I wish that the author addressed Roosevelt’s large family. During the narrative, Morris refers to Roosevelt’s large and powerful family. Roosevelt is greatly influenced by them but we never get any details about his “rich uncles [or] cousins.” As the narrative progresses, his family plays an even more important role, and due to his brother’s scandals, he gained the “resentment of family elders.” Morris already talked about how devastating effect of the deaths of Roosevelt’s father and first wife were, and how they greatly strengthened his character, but I believe if Morris had talked about the family, we could have seen another strong influence in the building of Roosevelt’s character. Expanding on Roosevelt’s family would also help me build a stronger relationship to him because I would understand the pressures he was put under to uphold his family name. Although Roosevelt is repeatedly portrayed as an independent, understanding why he cared so much about his family’s opinions would help build a whole new side of him and increase the personal connection that I feel to him, and it would bring more details about his family’s power and wealth to light.

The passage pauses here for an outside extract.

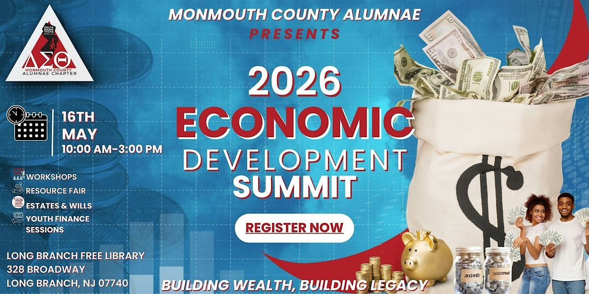 On behalf of the Monmouth County Alumnae Chapter of Delta Sigma Theta Sorority, Incorporated, we are honored to invite you to attend our Economic Development Summit on Saturday, May 16, 2026, from 10:00 a.m. to 3:00 p.m., at the Long Branch Free Public Library.

The Rise of Theodore Roosevelt is an extremely detailed narrative of the events leading up to Theodore Roosevelt’s presidency. Conveyed as a series of “scenes” through his life, each scene contains Roosevelt learning or displaying a trait that builds his charismatic personality. Through these scenes, Morris builds Roosevelt’s character in extreme detail. In comparison, The American Promise mainly talks about his contributions as the President of the United States. The textbook analyzes the effects of his policies and has little reference to his charismatic leadership. While Morris’s book answers every question in pertinence to the details of Roosevelt’s pre-presidency life, the textbook only focuses on his presidency, which is only a part of his contribution to US history.

I would highly recommend this book to anyone interested in Theodore Roosevelt, or what it took to build the charismatic leadership of one of the most famous presidents. Unlike textbooks or online resources that talk solely about his presidency, The Rise of Theodore Roosevelt gives a deep insight and understanding of how Roosevelt’s personal experiences turned him into a charismatic and influential leader.